• MATERIAL FOR THIS TASK:

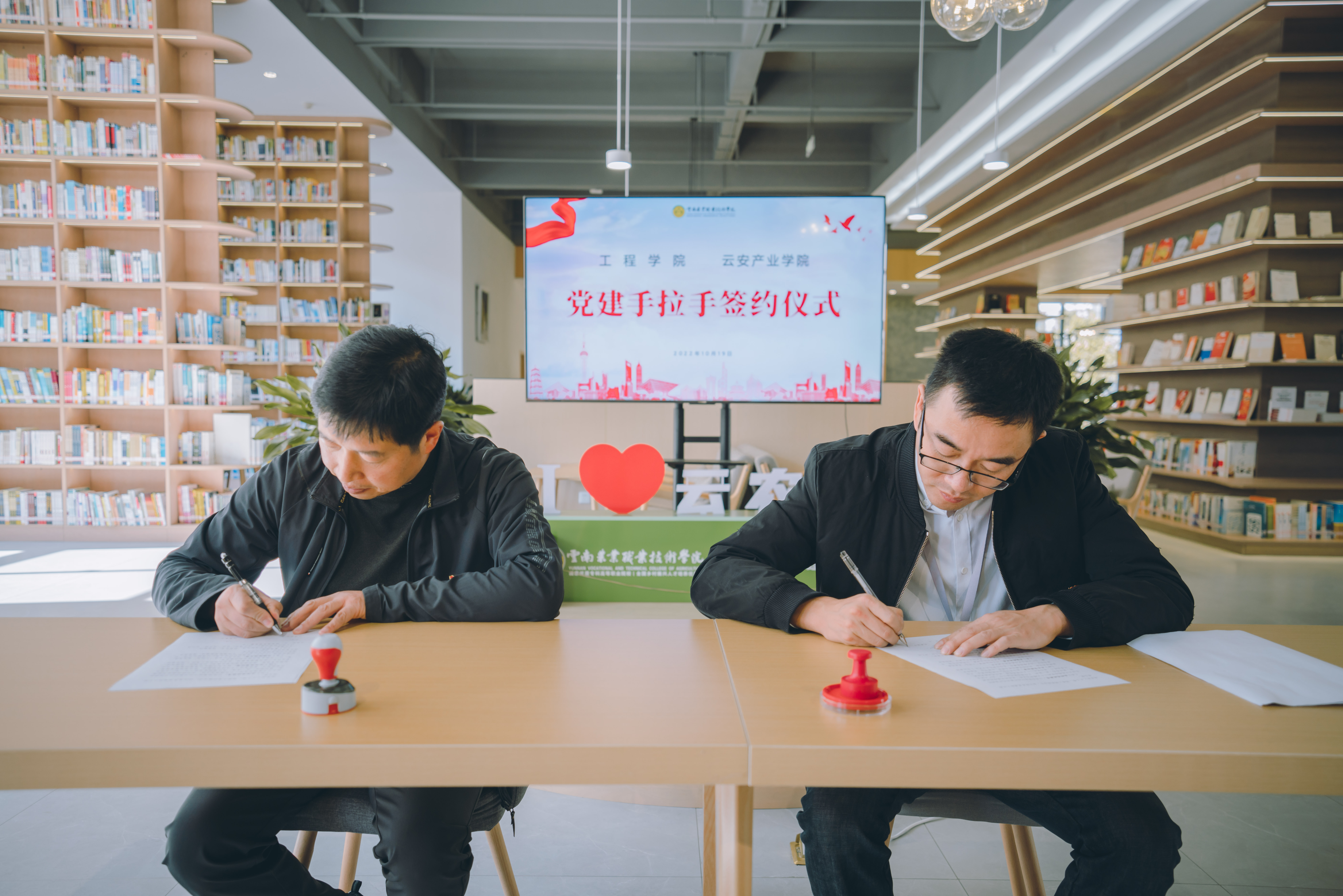 通知中心为营造学习宣传党的二十大的良好氛围,实现工程学院党总支与云安产业学院党总支优势互补,充分发挥党建引领作用,努力构建“资源共享、优势互补、互相促进、共同提高”的党建工作新格局,推动各项工作高质量开展,10月19日下午,工程学院党总支与云安产业学院党总支在云安产业学院图书馆开展党建工作“手拉手”活动启动仪式。党委委员、工程学院党总支书记王军明同志及全体总支委员,云安产业学院党总支书记李一源及全体总支委员出席启动仪式。启动仪式由李一源同志主持。
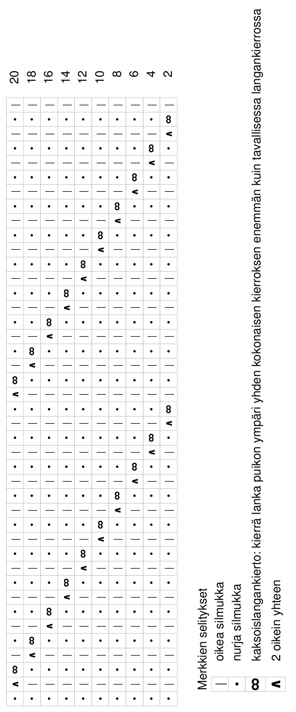 Jatka tämän mallin mukaan, kunnes puikolla on 18 silmukkaa ja olet viimeksi neulonut *lisää 1, 8 o* (tai kunnes yhden kuvion leveys on noin 5 cm ja olet viimeksi neulonut parillisen kerroksen).
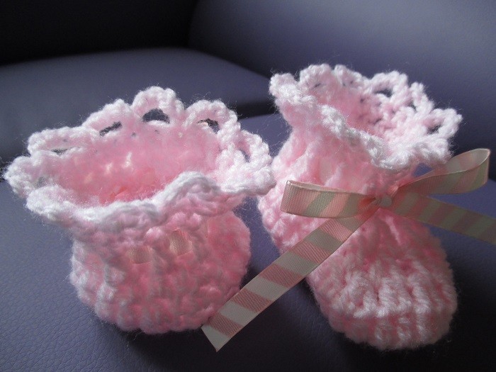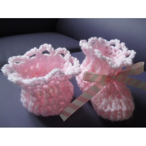 Ces chaussons sont crochetés en laine rose.
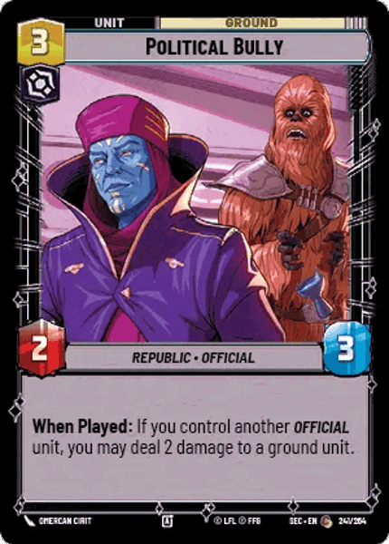 When Played: If you control another Official unit, you may deal 2 damage to a ground unit.
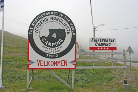 Omdat we het wel een beetje gezien hadden, zijn we terug gereden nar Skarsvåg en hebben daar een camping opgezocht. Deze meest noordelijke camping ter wereld lag best mooi aan een meertje maar het was er niet erg aangenaam. Het was mistig en winderig dus was er niet veel te genieten. Na het opzetten van de tent hebben we nog een wandelingetje gemaakt naar Kirkeporten. In dit meest noordelijke vissersdorpje van de wereld hadden we het echter snel gezien. Tegen de avond begon de temperatuur langzaam te zakken. Na het eten was het nog zo'n negen graden. In de hoop nog een sprankje middernachtszon mee te te krijgen, zijn we toen nog maar eens terug gereden naar de Noordkaap. Helaas was hier de mist nog steeds ondoordringbaar. Het was er wel aanzienlijk drukker dan toen we er 's middags waren. Er stonden wel vijftien touringcars met Duitse, Nederlandse, Spaanse, Franse en Finse pensionado's. Ondanks deze drukte hebben we toch nog onze kaarten op de post kunnen doen en hebben we de film in de supervideograaf bekeken. Deze panoramafilm op 125° grootbeeldscherm was er mooi. De beelden vanuit vogelperspectief waren zo levensecht dat Petra er reisziek van werd. Toen we weer wat waren opgewarmd, zijn we terug gegaan naar de camping waar we meteen de slaapzak ingedoken zijn.
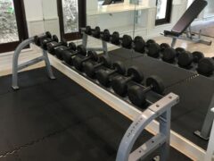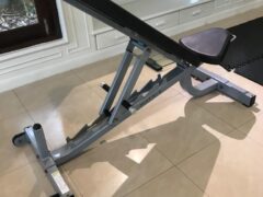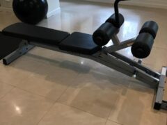 There’re dumbbells going up to 27 lbs/12 kgs, an adjustable bench and an adjustable decline/sit up bench. There’s also an exercise ball.
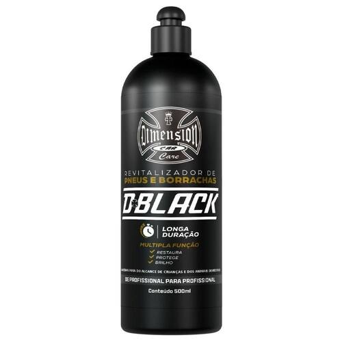 Revitalizador de Pneus e Borrachas D Black 500ml Dimension Produto indicado para revitalizar e condicionar pneus e borrachas, formulado para garantir um excelente efeito hidrofóbico, aspecto de novo e brilho acetinado por muito tempo. D BLACK é um produto com aplicação simples e direta. Cuidadosamente desenvolvido para revitalizar e proteger por mais tempo, sem atrair sujeiras e insetos. Promove brilho duradouro e exepcional hidrorepelencia. Após sua cura, o produto não sai em contato com a água, durando semanas.
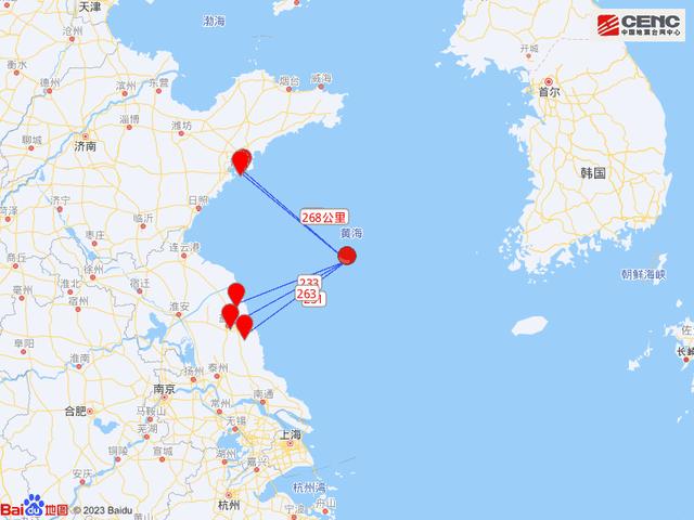 震中距江苏射阳县233公里、距江苏盐城大丰区251公里、距江苏盐城亭湖区263公里、距山东青岛崂山区266公里、距山东青岛市南区268公里,距江苏盐城市268公里,距上海市385公里。
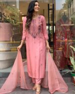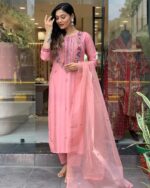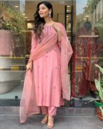 Introducing the Rose Blush Embroidered Chanderi Suit Set, a delicate fusion of grace and elegance. This beautiful suit set, crafted in a dreamy blush pink, is adorned with intricate floral embroidery that adds a subtle sparkle to your look.
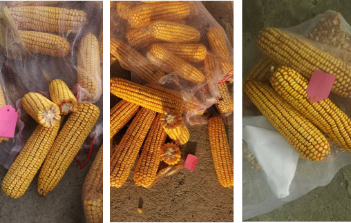育种科研亦是一场与时间赛跑、与自然博弈的“马拉松”。每一组数据的获取、每一个性状的筛选,都离不开科研人员田间地头的坚守。在前期大量基础研究基础上,解松峰团队通过基因型分析与表型鉴定相结合的方式,从数百组杂交组合中筛选出40余份具有潜在应用价值的优势组合。今年,团队在紫阳、恒口、旬阳、汉滨等秦巴山区典型生态区布局多点田间试验,全面验证组合在不同土壤、气候条件下的适应性。试验期间,研究区域遭遇持续1个多月的强降雨天气,极端环境反而成为品种抗逆性的“试金石”——多个优势组合表现出优异的抗逆性与丰产性:株型紧凑度高,抗倒伏能力显著优于对照品种;果穗发育饱满,穗大粒满;对玉米生产中常见的穗发芽、茎腐病、大斑病等主要病虫害表现出强抗性。目前,编号为191、658、21的3个优势杂交组合脱颖而出,具备进入下一阶段品种比较试验与区域试验的条件。
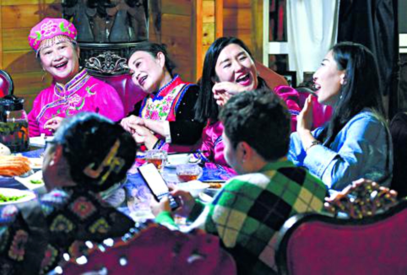 9月17日,锡伯族客人春英(左一)在马秀花家的农家乐里与朋友一起唱歌。马秀花是塔城人,家里的农家乐每天招呼着各地往来的朋友。新华社记者王菲摄

• YOUR OBJECTIVE: For this answer, return word for word the lines from the first line of the records through the line containing "When Played: If". Omit the pictures.

• ANSWER TO THIS EXERCISE:
 通知中心为营造学习宣传党的二十大的良好氛围,实现工程学院党总支与云安产业学院党总支优势互补,充分发挥党建引领作用,努力构建“资源共享、优势互补、互相促进、共同提高”的党建工作新格局,推动各项工作高质量开展,10月19日下午,工程学院党总支与云安产业学院党总支在云安产业学院图书馆开展党建工作“手拉手”活动启动仪式。党委委员、工程学院党总支书记王军明同志及全体总支委员,云安产业学院党总支书记李一源及全体总支委员出席启动仪式。启动仪式由李一源同志主持。
 Jatka tämän mallin mukaan, kunnes puikolla on 18 silmukkaa ja olet viimeksi neulonut *lisää 1, 8 o* (tai kunnes yhden kuvion leveys on noin 5 cm ja olet viimeksi neulonut parillisen kerroksen).
 Ces chaussons sont crochetés en laine rose.
 When Played: If you control another Official unit, you may deal 2 damage to a ground unit.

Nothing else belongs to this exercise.